The bereitschaftspotential has also been found to be influenced by movement disorders such as Parkinson's disease (PD), cerebellar lesions, and degenerative diseases of the dentate nucleus. Since at least some part of the BP originates from the SMA, "which receives main dopaminergic input from the basal ganglia via thalamus", many are conducting studies of BP in patients with Parkinson's disease (PD). It has also been found that people with cerebellar lesions have clear abnormalities in their BP. In patients with degenerative diseases of dentate nucleus there is virtually a complete lack of BP. In patients with cerebellar hemispheric lesions the BP is much smaller again or even absent.

Of all the movement disorders studied, Parkinson's is by far the most investigated. Most experiments have studied the effects of lesions on the BP in patients with Parkinson's disease. It was observed that the amplitude of BP in many Parkinson's patients was significantly reduced. A BP with a more positive polarity was observed compared to the BP in control patients without the disease.
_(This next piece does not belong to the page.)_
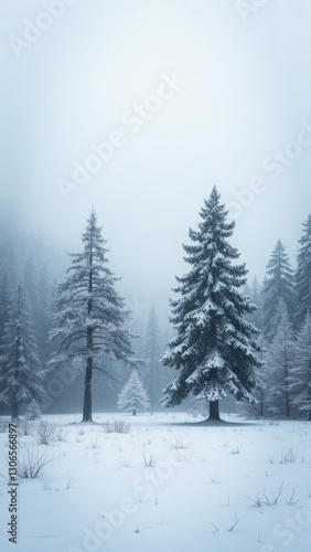 Snowy field with two trees in the foreground and a large tree in the background. The trees are bare and covered in snow. The sky is cloudy and the snow is falling
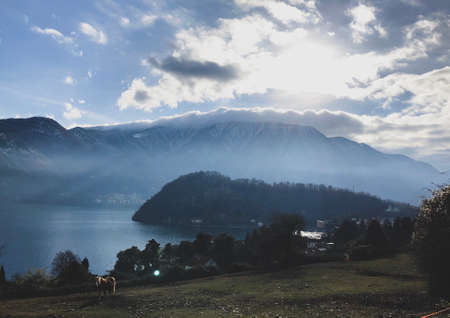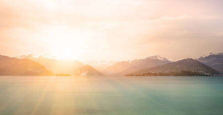 Sunset view over Swiss Alps and Lake Lucerne

Other research shows the same reduction in amplitude of movement-related cortical potentials, which is consistent with other studies showing a decrease in the activation of the SMA in Parkinson's patients. A decreased ability to terminate premovement preparatory activity has been observed in Parkinson's patients, reflected by prolonged activity in the SMA . This prolonged activity may have to do with impaired function of the basal ganglia, which is thought to send a termination signal to the SMA. While changes in preparatory movement activity are present in PD patients, executed-movement processes in the brain seem to be unaffected, suggesting that premovement activity abnormality may underlie the difficulty in movement prevalent in Parkinson's disease. More research studying the effects of the disease on MRCPs (like the BP) and premovement preparatory activity in PD patients is ongoing.